C. elegans was the first multi-cellular organism to have its genetic structure completely mapped and many of its 20,000 genes perform the same functions as those in humans.

Dr Szewczyk's researcher Dr Tim Etheridge has been given the task of preparing the worms for their journey to the International Space Station, roughly 200 miles from the Earth.

They have been carefully selected and brought to a dormant state for the journey, travelling in special cell culture bags.

They will be brought back from their dormant state with the release of food, exposed to conditions in space for four days and then frozen in preparation for the return journey.

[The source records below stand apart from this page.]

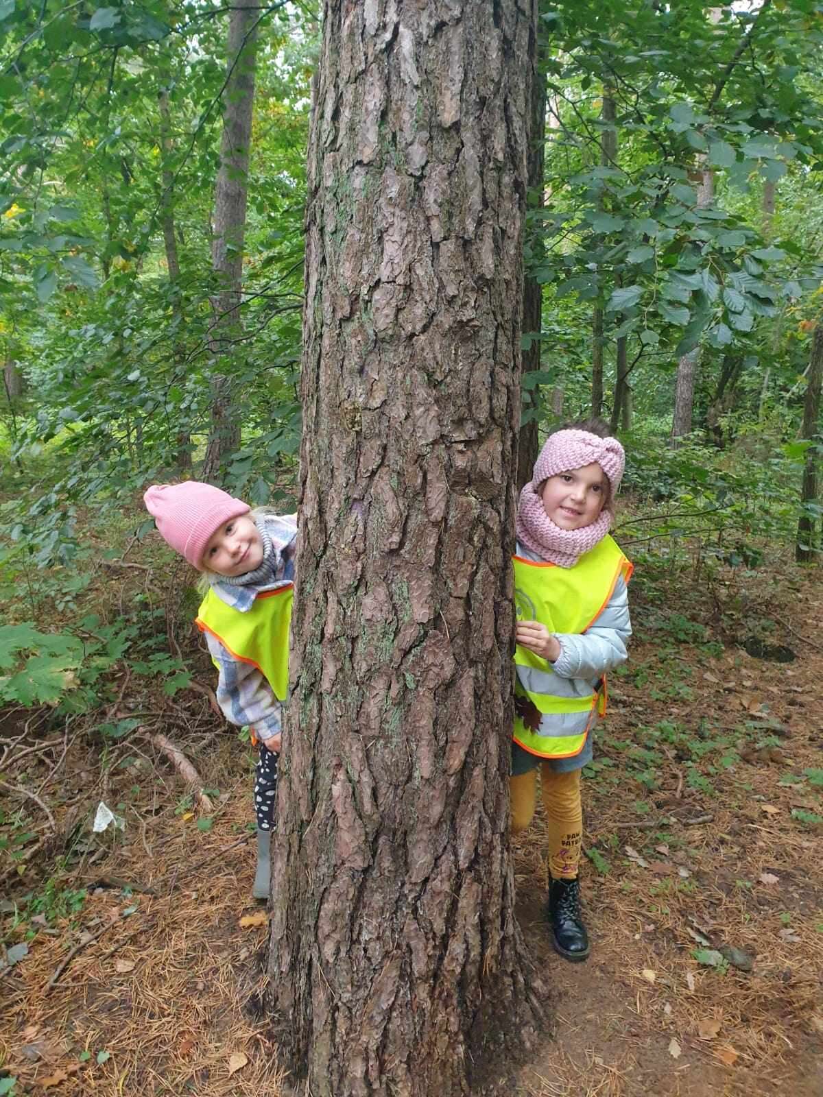 Dzieci w lesie przy drzewach
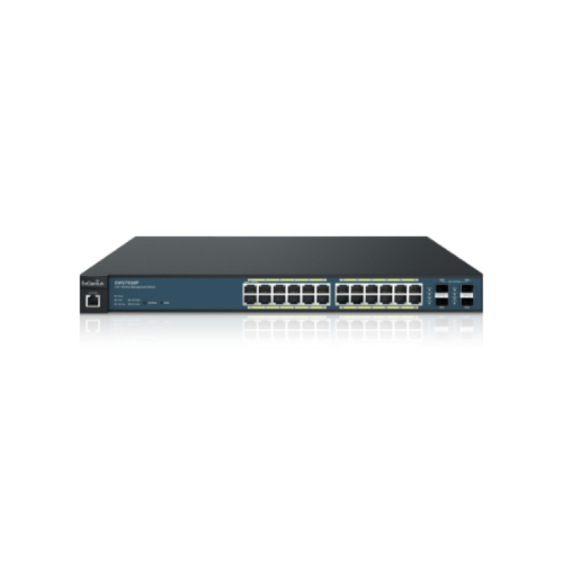 The EWS7928P Managed PoE+ 24 Port Gigabit Switch features simplified network configuration, monitoring, and management options along with an intuitive Web interface. Locally manage up to 50 EnSky APs and centrally manage wired and wireless networks via ezMaster. Power compatible PoE+ devices such as IP cameras, VoIP phones, and APs.
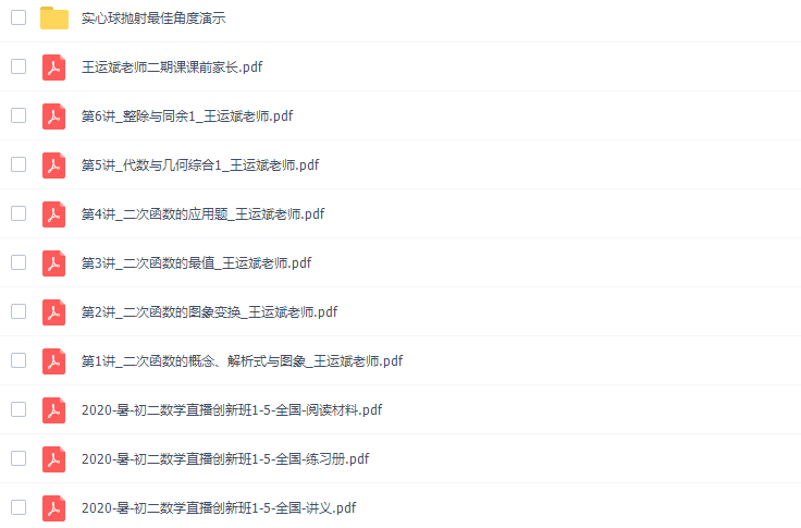 孟亚飞 2020寒假初三数学班目录:├─2020初三数学寒假讲义.pdf├─20...
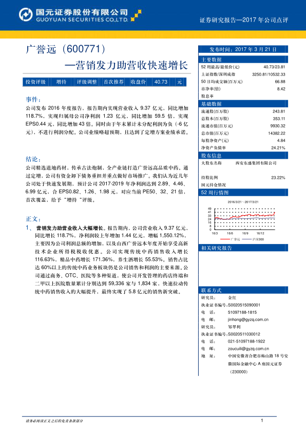 本报告分析了广誉远2016年度报告,指出公司通过营销发力实现了营收和利润的大幅增长。规模效应降低了费用率,高附加值产品提升了毛利率。基于公司良好的发展态势和未来盈利预测,国元证券首次覆盖,给予“增持”评级。
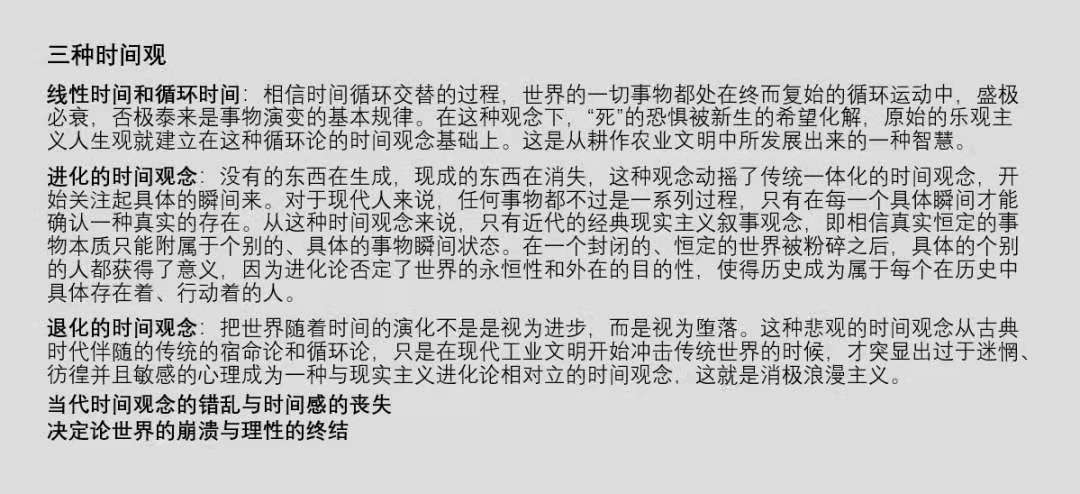 通过对时间得更深一层的挖掘,我们认识三种不同时间观念,而第一种线性的循环时间与我们的观念相符,这种循环的时间观念使得我们面对未来如当下一般,与此同时我们引入VUCA(乌卡)时代这一概念,即volatile (易变)、uncertain (不确定)、complex (复杂)、ambiguous (模糊),乌卡时代是一个具有现代概念的词,是指我们当下的世界正是一个易变、不确定、复杂、模糊的时代,在这样时代,人们以往的安稳与平和已经越来越难有空间,人类的迷茫、无助、指责等等似乎成为当下无法避开的话题,但是我们认为,即使在这样的VUCA(乌卡)时代,也无法阻挡历史的车轮滚滚向前,也无法阻止历史的循环,当下并不是永恒。这也是我们对时间、对当下、对未来的认识。

The effect of this journey on their muscle mass will be investigated once the worms are returned to the university's laboratories in Derby.

Dr Szewczyk said: "The CERISE payload is an important space medicine experiment as it will establish if RNAi, which was the subject of the 2006 Nobel Prize in Medicine, is a viable technique for altering the biological response to spaceflight.

"For example, some of our worms will be treated with RNAi against specific proteases to see if we can stop muscle protein degradation in space."

The worms will be on board Space Shuttle Atlantis when it takes off from the Kennedy Space Centre today at 2.28pm local time (7.28pm GMT).

Both Dr Szewczyk and Dr Etheridge have travelled to Florida to see the worms safely onboard the space shuttle.